Today I had sex with Rosario from three to five in the afternoon. She came twice, maybe three times, I don't know, and I'd rather leave the exact figure shrouded in mystery. I came twice. Before she went to work I told her Lupe's story. Contrary to what I expected, she wasn't very sympathetic to Lupe or Quim or me. I told her about Alberto, Lupe's pimp, too, and to my surprise she showed quite a bit of understanding for him, only reproaching him, and then not severely, for working as a pimp. When I told her that this Alberto could be a very dangerous person and that there was a risk that if he found Lupe he would do her real harm, she answered that a woman who abandoned her man deserved all that and more.

"But you don't have to worry, darling," she said, "that's not your problem. You have your true love by your side, thank God."

Rosario's declaration made me sad. For an instant I imagined the unknown Alberto, his huge cock and his huge knife and a fierce look on his face, and I thought that if Rosario met him on the street she would be attracted to him. Also: that in some way he was coming between María and me. For an instant, that is, I imagined Alberto measuring his cock with his kitchen knife and I imagined the notes of a song, evocative and suggestive, although of what I couldn't say, drifting in the window (a sinister window!) along with the night air, and all of it together made me extremely sad.

"Don't be gloomy, darling," said Rosario.

And I also imagined María making love with Alberto. And Alberto smacking María on the buttocks. And Angélica making love with Pancho Rodríguez (ex-visceral realist, thank God!). And María making love with Luscious Skin. And Alberto making love with Angélica and María. And Alberto making love with Catalina O'Hara. And Alberto making love with Quim Font. And in the final instance, as the poet says, I imagined Alberto advancing over a carpet of bodies splattered with semen (a semen of deceptive consistency and color, because it looked like blood and shit) toward the hill where I stood, still as a statue, although everything in me wanted to flee, go running down the other side and lose myself in the desert.

DECEMBER 7

Today I went to my uncle's office and told him everything.

"Uncle," I said, "I'm living with a woman. That's why I don't come home to sleep. But there's no need for you to worry because I'm still going to class and I plan to finish my degree. Otherwise, I'm fine. I eat a good breakfast. I get two meals a day."

My uncle looked at me without getting up from his desk.

"What money do you plan to live on?
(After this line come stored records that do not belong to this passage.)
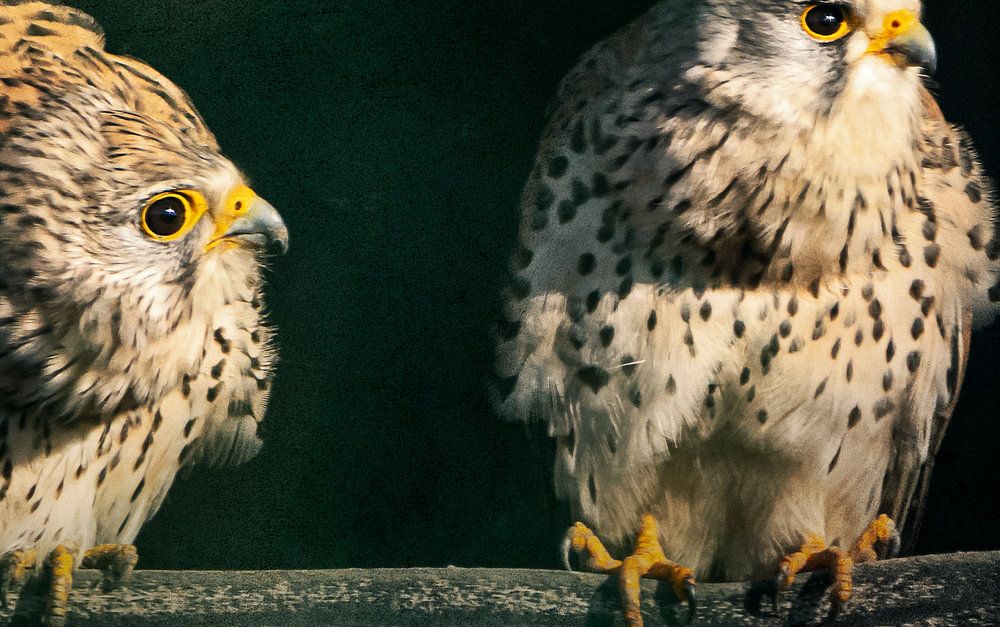 2 Kestrels together on a fence. dark photo worth because of the birds of prey standing out. Bird Photography .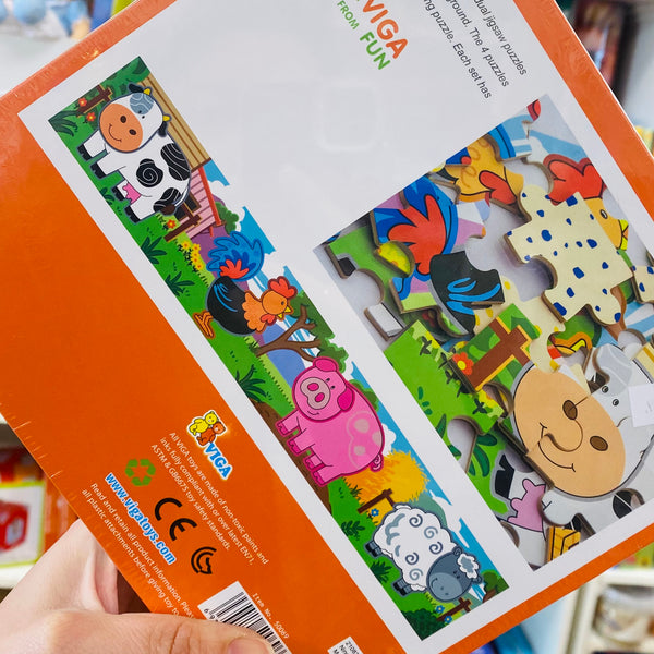 4 individual jigsaw puzzles of farm animals with background. The 4 puzzle can be made up to a long puzzle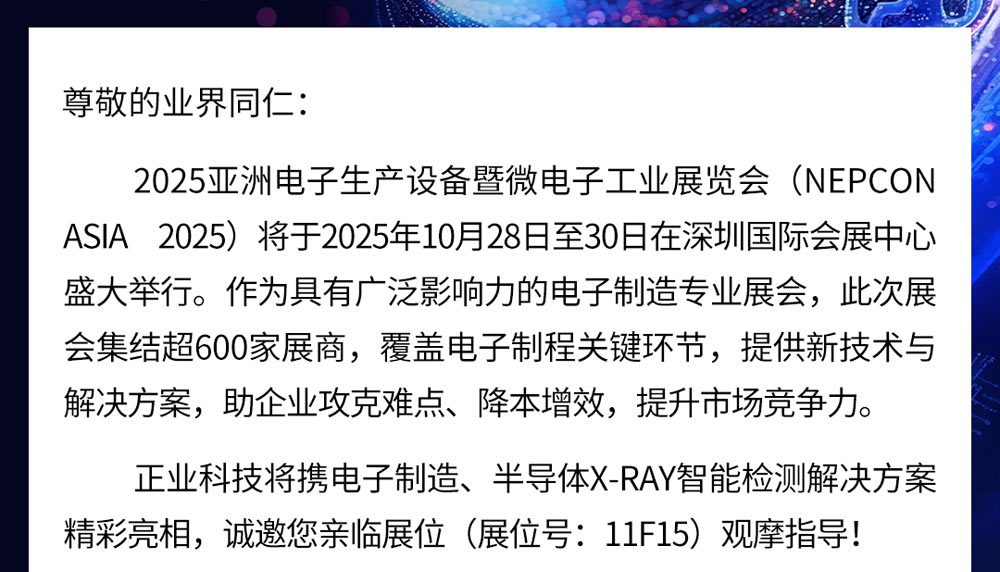 邀請函 | 正業科技誠邀您相聚2025亞洲電子生產設備暨微電子工業展覽會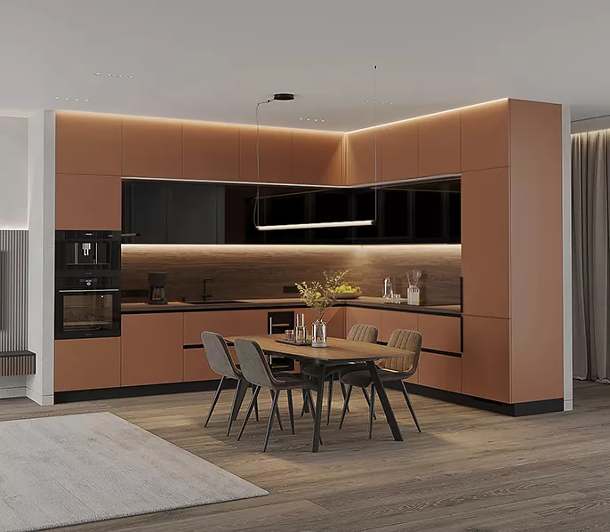 Кухня-столовая в фирменном цвете для российского бренда бытовой техники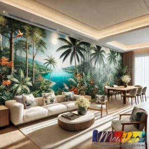 ” Một không gian sống được hoàn thiện với tranh dán tường phong cảnh hiện đại. “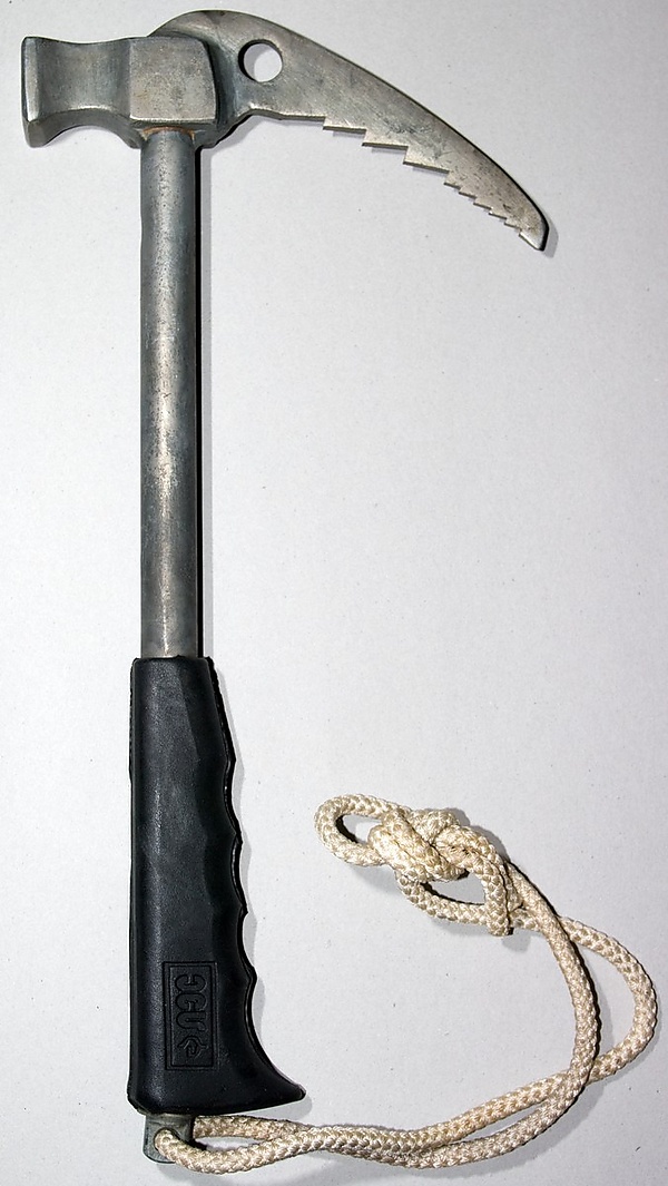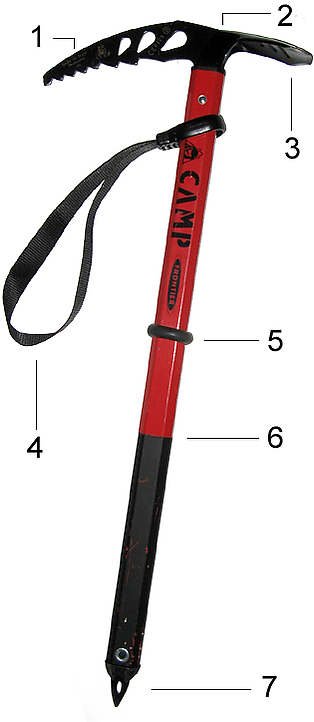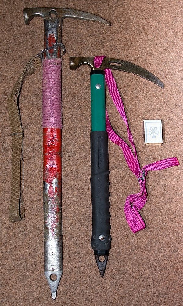 От ледового молотка айсбайль отличает меньший изгиб клюва, большая длина рукоятки и наличие штычка.
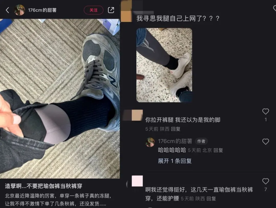 北方人认为,「瑜伽裤+加绒牛仔裤,张家口人的过冬搭配」,还有人表示「薄绒款的瑜伽裤更保暖,还不勒腿」,更有评论区直言「把健身裤当秋裤穿,外裤一脱就能运动,冬日运动百搭」。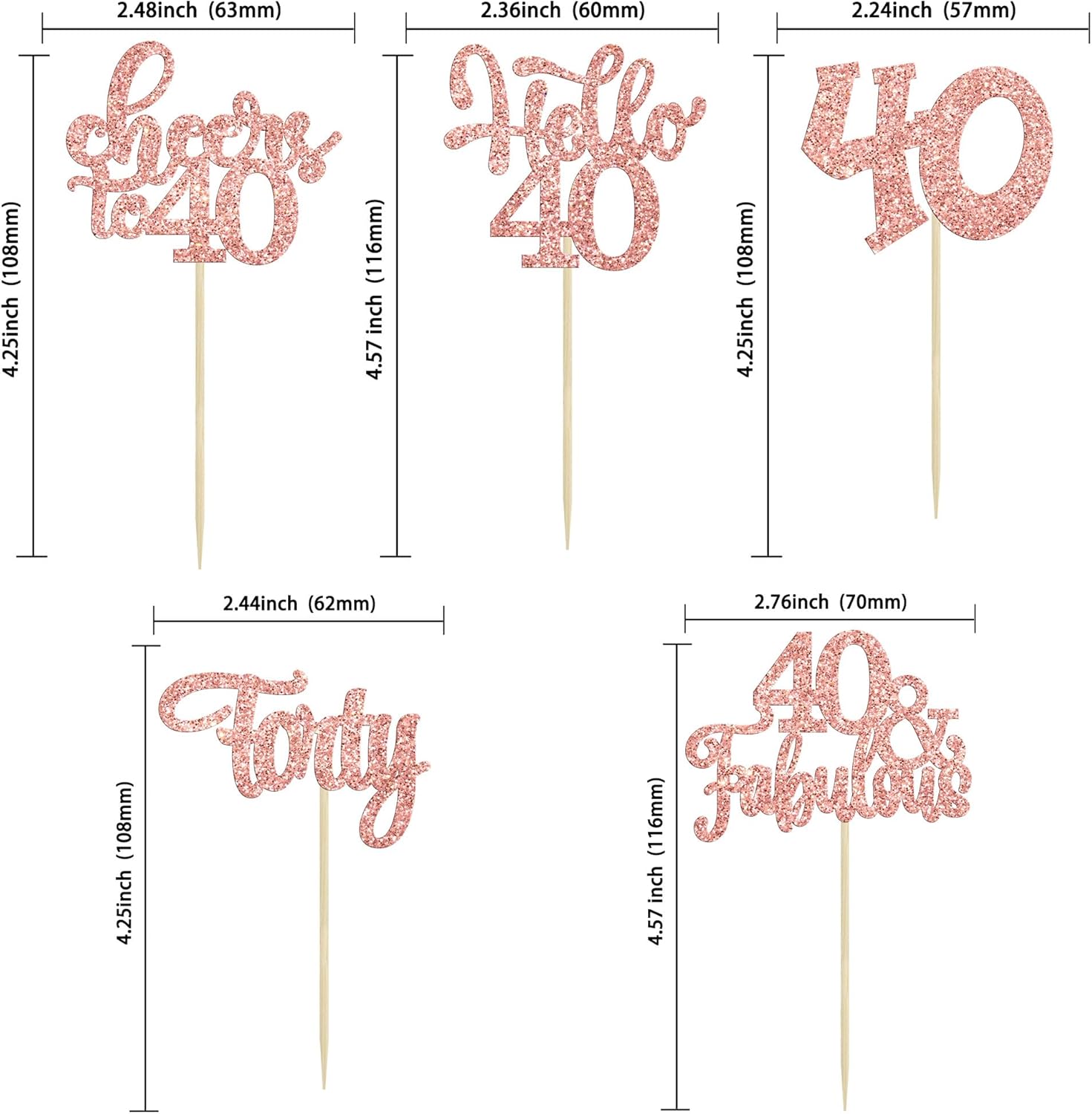 • -Package included: 24Pcs Happy 40th Birthday Cupcake Toppers. Comes with assembled, so you can insert into your cake directly, which make your cake more interesting.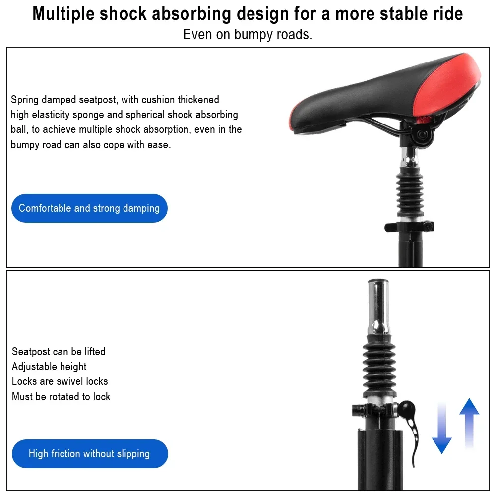 Adjustable Height: Easily adjust the seat height between 18.1 inches and 24.8 inches to suit your riding preference and comfort level.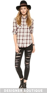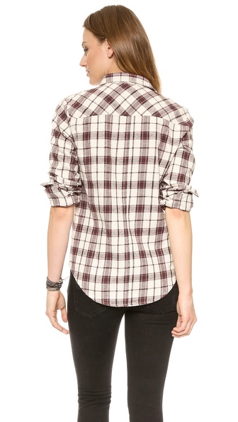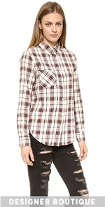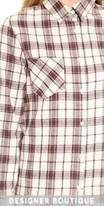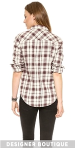A plaid ANINE BING shirt has laid-back appeal in classic flannel. Patch breast pocket and fold-over collar. Button placket and cuffs. Shirttail hem. Long sleeves.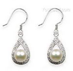 White freshwater pearl drop earrings on sale, sterling silver, 7-8mm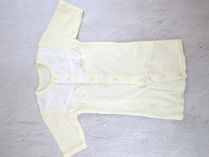 ゾウさんプリントがかわいいカバーオールです。タグのサイズ表記は50-60です。少し毛玉が出始めているので、星2つ判定としております。

Have you found work or is she supporting you?"

I answered that I didn't know yet, and that for now, Rosario was in fact covering my expenses, which were modest anyway.

He wanted to know who this woman was I was living with, and I told him. He wanted to know what she did. I told him, maybe slightly glossing over the coarser aspects of the job of bar girl. He wanted to know how old she was. From then on, despite my initial resolve, everything was a lie. I said that Rosario was eighteen when she's almost definitely older than twenty-two, maybe even twenty-five, although that's only a guess, since I've never asked her; it doesn't seem right to seek out the information unless she volunteers it herself.

"Just so you don't make a fool of yourself," said my uncle, and he wrote me a check for five thousand pesos.

Before I left he urged me to call my aunt that night.

I went to the bank to cash the check and then I stopped by some of the downtown bookstores. I looked in at Café Quito. The first time I didn't see anyone. I ate there and went back to Rosario's room, where I sat reading and writing until late. After dark I went back and found Jacinto Requena dying of boredom. None of the visceral realists except for him, he said, were showing their faces at the café. Everybody was afraid of running into Arturo Belano, though their fears were unwarranted since the Chilean hadn't been there in days. According to Requena (who is definitely the most laid-back of the visceral realists), Belano had begun to kick more poets out of the group. Ulises Lima was remaining discreetly in the background, but apparently he supported Belano's decisions. I asked who'd gotten purged this time. He named two poets I didn't know and Angélica Font, Laura Jáuregui, and Sofía Gálvez.